As I mentioned in my last video tutorial on AMFPHP, I want to take a few minutes and talk about the steps you can take to make it as secure as possible. Most of what I’m going to share was taken from a blog post written by Wade Arnold. One important thing to note right off the bat is that I will be talking about security as it relates to AMFPHP 1.9 and higher. If you are using an earlier version you will want to check elsewhere for the details for you specific version. So without further adieu, here are the steps to better AMFPHP security:
Delete the Service Browser
If you’ve watched my tutorials you know that the Service Browser is that Flex application that allows you, or anyone else for that matter, to see all of the services and methods you have available. For obvious reasons you will want to delete this on your production machine. You don’t want random people seeing all the goodies that you have exposed. To get rid of it simply delete the browser folder that is located in your AMFPHP root directory.
Delete the DiscoveryService service
The DiscoveryService service is included when you install AMFPHP. When you go to the Service Browser for the first time you will see it as the one and only service. This service exposes methods that give all the details about the services and methods you have available. In that sense it is very much like the Service Browser itself and should be deleted for the same reasons.

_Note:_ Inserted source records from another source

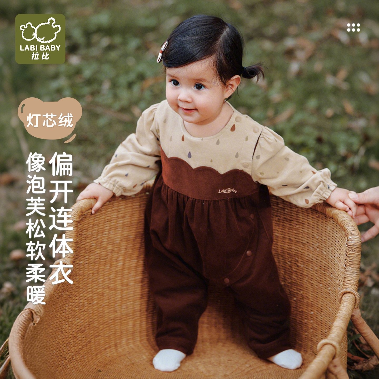 拉比婴儿偏开连体衣长袖 灯芯绒柔软保暖女宝宝新生儿秋冬哈衣爬服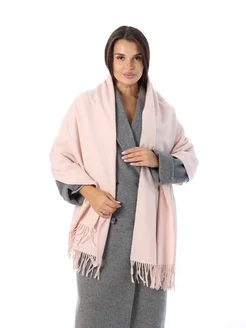 Палантин розовый однотонный на голову теплый зимний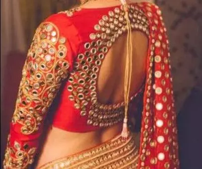 अगर आप अपने ब्राइडल लुक में कुछ चमक-दमक जोड़ना चाहती हैं, तो मिरर वर्क ब्लाउज सबसे उपयुक्त रहेगा। यह ब्लाउज पारंपरिक होते हुए भी ट्रेंडी दिखाई देता है। छोटे-छोटे शीशों की चमक रोशनी में झिलमिलाती है, जिससे दुल्हन का लहंगा और भी आकर्षक लगता है। यह डिज़ाइन गुजरात और राजस्थान की पारंपरिक कारीगरी से प्रेरित है, जो हर दुल्हन को देसी और स्टाइलिश लुक देती है।

From your AMFPHP root directory, go into the services folder. From there either delete the entire amfphp folder or just the DiscoveryService.php file which is located inside of it.

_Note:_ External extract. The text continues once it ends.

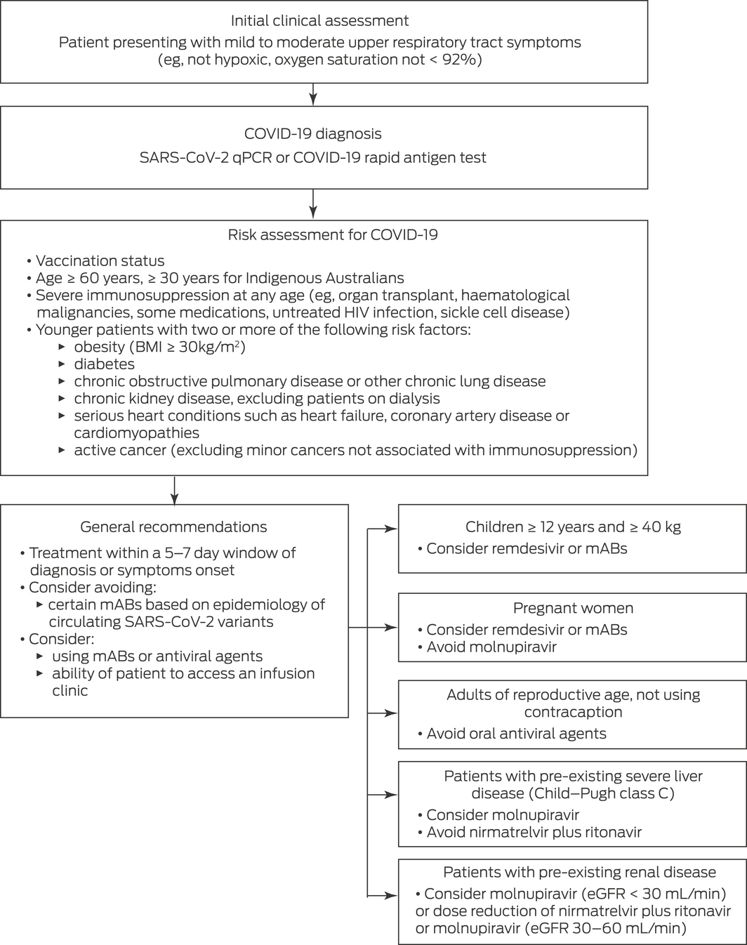 A simple COVID‐19 treatment algorithm is shown in Box 2. This algorithm is based on recommendations from the New South Wales Government Agency for Clinical Innovation as of 12 August 2022.56 Specific recommendations vary between Australian states and may change over time, so clinicians should refer to up‐to‐date approved guidelines for their own jurisdiction for early treatment of COVID‐19.14,57,58,59 Patients presenting with mild or moderate upper respiratory tract symptoms should be tested by polymerase chain reaction and/or a rapid antigen test to confirm SARS‐CoV‐2 positivity. A risk assessment for early treatment of COVID‐19 should consider a variety of patient factors, including current COVID‐19 vaccination status, age, presence of immunosuppression, and/or presence of other known risk factors for COVID‐19 progression (Box 2). It is recommended that treatment with most approved early COVID‐19 drugs begins within 5 days of symptom onset or COVID‐19 diagnosis, and that treatment with mABs and remdesivir begins within 7 days. As has already been discussed, the use and choice of mABs should be informed by knowledge regarding SARS‐CoV‐2 variants circulating in the community. Although certain COVID‐19 drug indications and contraindications are described in Box 2, we recommend referring to approved online resources for specific patient groups — these provide indications, contraindications and potential adverse effects of approved COVID‐19 medications and are updated in real time.14,57,58,59 In certain risk groups, prolongation of therapy is also recommended to reduce the risk of relapse of symptomatic COVID‐19.

Set the PRODUCTION_SERVER property
The PRODUCTION_SERVER property is located in the gateway.php file which is located in the root AMFPHP folder. This property is set to false by default but should be set to true in production environments. This will disable things like remote tracing and debugging headers. Open gateway.php and set the property like so:
Run over SSL if possible
I’m definitely not a server geek so don’t ask me how you would do this. But the idea is that the data going back and forth between Flash and AMFPHP will not be plain text and this would of course make it much harder for people to be able sniff out the actual data.
Running the beforeFilter
In AMFPHP 1.9 there is a new feature which will allow you to authenticate the calling client to make sure they have the right access level to call the service. Basically you define a function in your service class named beforeFilter using the signature below:
public function beforeFilter($function_called)
This function will be called before your service method which was called by the client. If this function returns true, then the service method is called. If not, then a security error is thrown. It is inside this function that you can do some type of authentication. Joshua Ostrom has a nice blog post that goes into more details on this.
General PHP security
Since AMFPHP and all of the services you expose with it are nothing more than PHP files, you will want to familiarize yourself with some basic PHP security guidelines. Preventing SQL injection is one of the biggest areas that you need to make sure you protect against. There are many good articles on the web that explain how to prevent this attack. If you do a lot of PHP work, do yourself a favor and pick up a book like Essential PHP Security to make sure that you are being safe.